Forests are vital natural and economic resources that support habitat for plants and animals, protect water quality, offer opportunities for recreation and provide jobs and wood for people. Forests are sensitive to the effects of climate change including drought, shifts in weather, and invasion by insects. Little is known about the effects of repeated droughts brought on by climate change or how these effects occur from the tree cells to entire regional forests.
Droughts in the past decade have occurred across much of the western and southwestern United States. These droughts have led to severe consequences on forests, such as widespread forest die-off. This award will answer a fundamental gap in scientific understanding with profound implications for the future of western U.S. forests. Are trees that survive a severe drought more vulnerable or less vulnerable to the next drought? Over two years, the research will assess water stress and scale these measurements of drought vulnerability from the cell level in individual branches to entire ecosystems across four western States. It will draw on tree-core records, measurements of plant populations, anatomy of tree water transport, and measurements of whole-ecosystem fluxes of carbon and water. The ultimate goal is a predictive framework across different spatial scales that will allow prediction of which forests are most vulnerable and the return frequency of drought that's survivable versus lethal.
This project incorporates an extensive commitment to training of scientists at the undergraduate, graduate, post-doctoral, and early-career levels.

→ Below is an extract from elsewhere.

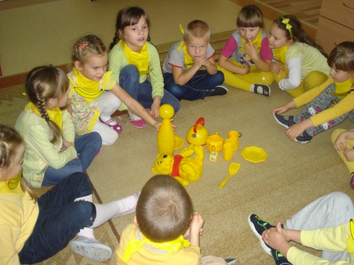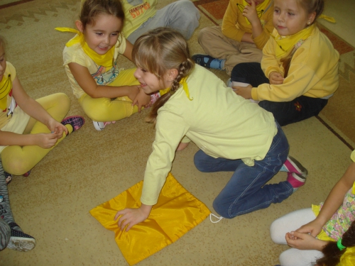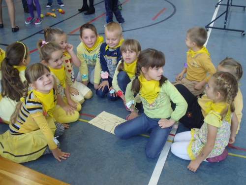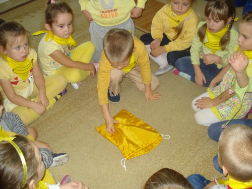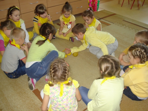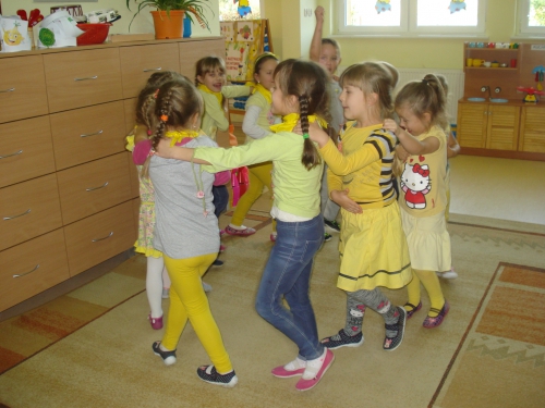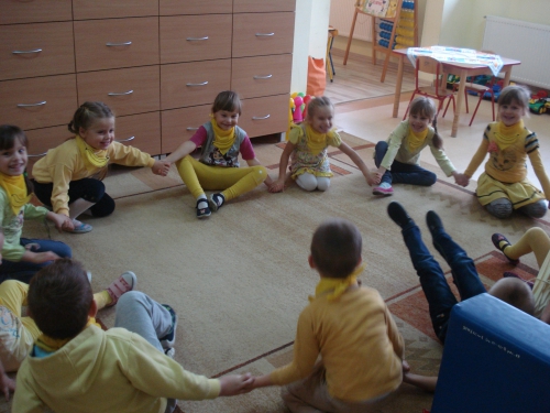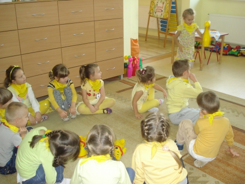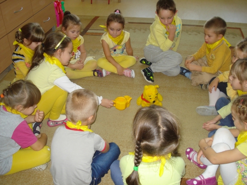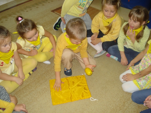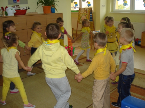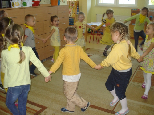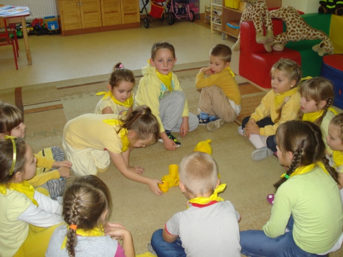 Z kolei szukaliśmy w sali żółtych przedmiotów i kładliśmy je w stworzonym przez nas kole. W ten sposób powstał całkiem duży zbiór żółtych rzeczy.

The project's research will be directly linked with teaching activities by incorporating findings and projects into five undergraduate and two graduate courses across Northern Arizona University, Princeton University, and the University of Nevada, Reno. The research will enable entire continent wide drought monitoring. The research will develop sensor capacity needed for establishing a continent-wide forest drought-monitoring network. The technology developed can aid land managers with the USFS in managing US Forest Lands. High resolution meteorological and plant water status sensors will be developed and deployed, and measurements of forest canopy cover will be made across a broad spatial scale. In addition, these measurements can also supplement the national USFS information such as the Forest Inventory and Analysis program.